The justice department ordered her to report to the Bureau of Immigration to obtain her visa and registration certificate.
“If the refugee has no passport or valid passport, visa stamping is not required,” the document said. The document also recommends that a travel document be issued and work permit requirements be waived, according to The Guardian.
Bahari left Iran in 2014 to study dentistry in the Philippines and had been residing there since.
But when she came back to the Philippines from a trip to Dubai on Oct. 17, she was denied entry into the country due to an Iranian warrant for her arrest.
According to The Guardian, international police agency Interpol had issued a worldwide request to arrest Bahari, known as a “red notice.”

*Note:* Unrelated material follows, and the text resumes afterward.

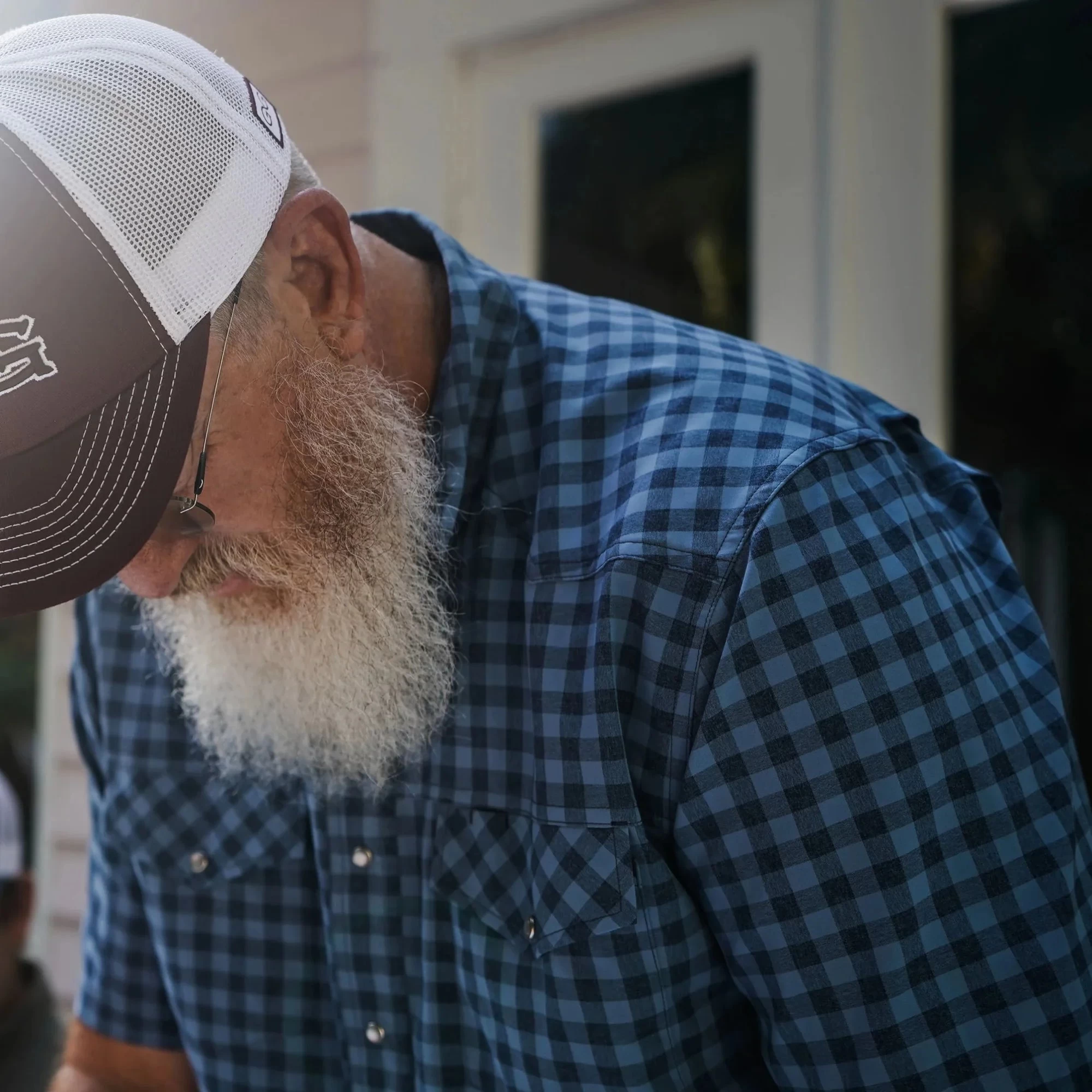 The GameGuard Pearl Snap shirt has everything you want in a classic look. Our Pearl Snap shirt is made with a four-way Mechanical Stretch material in distinct check patterns with coordinating pearls, so you can channel your inner cowboy while enjoying wrinkle-free, stain-resistant, and UPF 30+ benefits time. – with vertical venting at the back.

But Bahari believes the Iranian regime requested the red notice to try and silence her political voice.
When she represented Iran at the Miss Intercontinental beauty pageant in Manila last year, she displayed public support for the former crown prince of Iran, Reza Pahlavi.
She used an image of Pahlavi and the flag of the former Iranian monarchy during the competition on stage to “try and be the voice” of her people.
“My wish is that my country will reach to freedom and equality,” Bahari said in her profile at the Miss Intercontinental pageant website.
According to Nicholas Bequelin, Amnesty International’s regional director for East and Southeast Asia, Bahari said she could face “arrest, torture, and other ill-treatment, and unfair trial and imprisonment” if she is sent back to Iran. He described her as “a vocal critic of the Iranian authorities and a public opponent of forced veiling.”